* _Information shown_
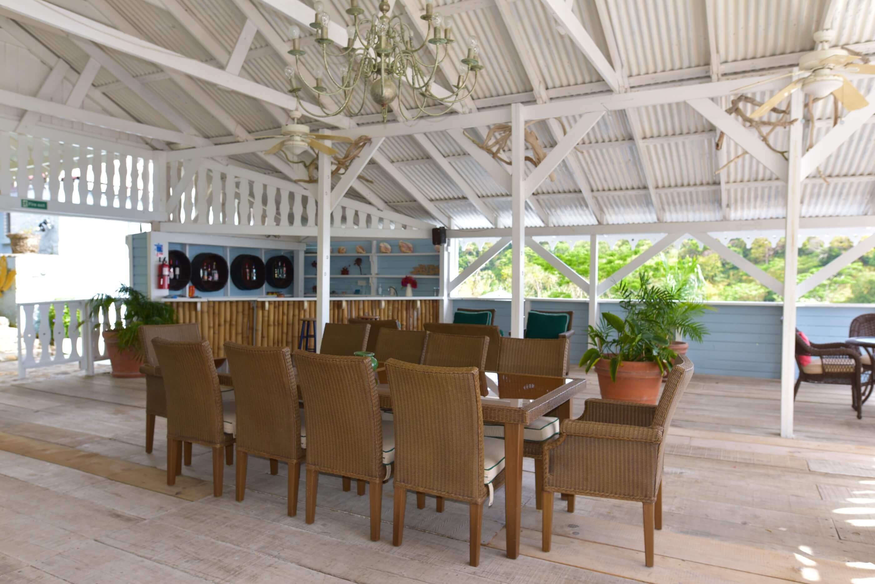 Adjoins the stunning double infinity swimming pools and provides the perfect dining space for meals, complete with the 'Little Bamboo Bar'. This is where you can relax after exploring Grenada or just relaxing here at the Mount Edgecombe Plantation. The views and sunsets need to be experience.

...

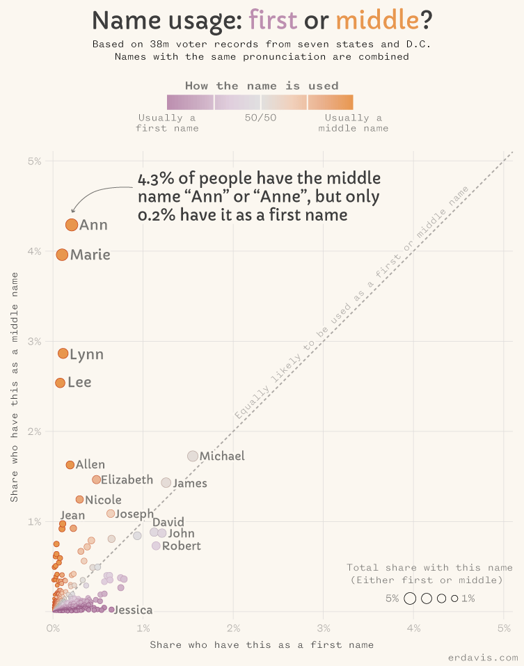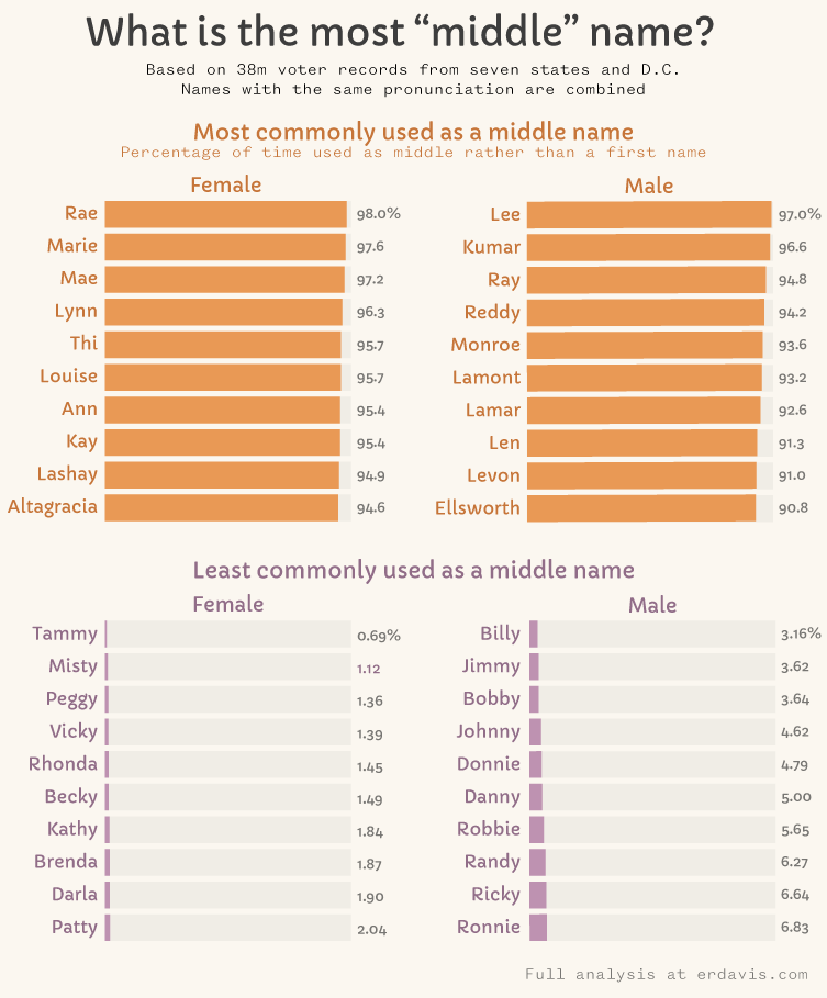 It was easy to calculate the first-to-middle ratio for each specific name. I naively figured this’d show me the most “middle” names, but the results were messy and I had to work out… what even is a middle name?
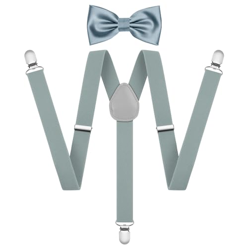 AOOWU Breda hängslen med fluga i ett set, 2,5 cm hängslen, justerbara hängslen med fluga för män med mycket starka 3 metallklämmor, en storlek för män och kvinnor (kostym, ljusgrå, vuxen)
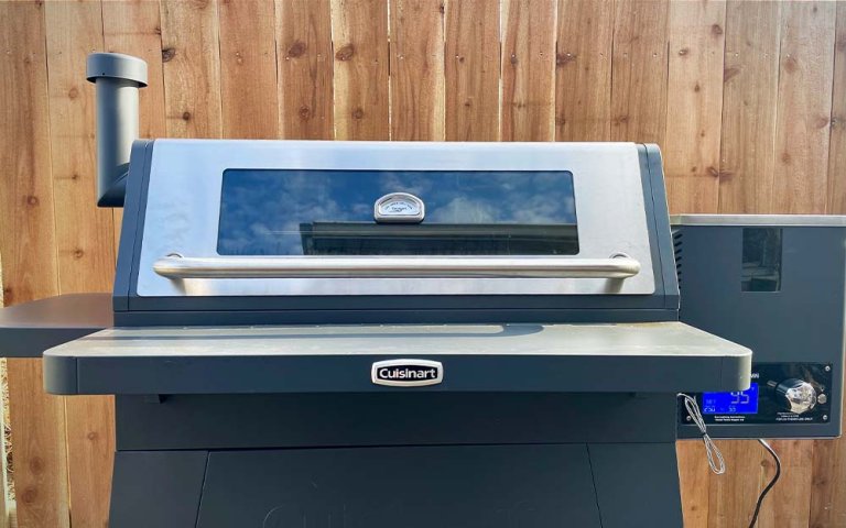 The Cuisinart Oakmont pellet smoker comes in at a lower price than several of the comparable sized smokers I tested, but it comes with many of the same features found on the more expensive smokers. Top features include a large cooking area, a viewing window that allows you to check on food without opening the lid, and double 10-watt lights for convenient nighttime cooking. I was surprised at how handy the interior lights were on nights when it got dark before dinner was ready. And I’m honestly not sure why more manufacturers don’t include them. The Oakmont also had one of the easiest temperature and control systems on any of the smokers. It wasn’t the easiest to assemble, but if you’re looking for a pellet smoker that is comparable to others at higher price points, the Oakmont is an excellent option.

* * *

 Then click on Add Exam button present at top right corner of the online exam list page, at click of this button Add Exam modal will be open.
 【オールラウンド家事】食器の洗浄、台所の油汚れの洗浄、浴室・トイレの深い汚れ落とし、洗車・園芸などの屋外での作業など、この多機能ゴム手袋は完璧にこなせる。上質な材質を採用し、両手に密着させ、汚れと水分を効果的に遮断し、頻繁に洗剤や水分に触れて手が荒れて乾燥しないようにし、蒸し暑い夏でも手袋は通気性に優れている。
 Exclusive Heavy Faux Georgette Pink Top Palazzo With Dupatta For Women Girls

* _Exercise requirements_
Reproduce the listing above from the line that holds "AOOWU Breda hängslen" through the line that holds "The Cuisinart Oakmont", both included, with the pictures left out.

* _Reply_
 AOOWU Breda hängslen med fluga i ett set, 2,5 cm hängslen, justerbara hängslen med fluga för män med mycket starka 3 metallklämmor, en storlek för män och kvinnor (kostym, ljusgrå, vuxen)
 The Cuisinart Oakmont pellet smoker comes in at a lower price than several of the comparable sized smokers I tested, but it comes with many of the same features found on the more expensive smokers. Top features include a large cooking area, a viewing window that allows you to check on food without opening the lid, and double 10-watt lights for convenient nighttime cooking. I was surprised at how handy the interior lights were on nights when it got dark before dinner was ready. And I’m honestly not sure why more manufacturers don’t include them. The Oakmont also had one of the easiest temperature and control systems on any of the smokers. It wasn’t the easiest to assemble, but if you’re looking for a pellet smoker that is comparable to others at higher price points, the Oakmont is an excellent option.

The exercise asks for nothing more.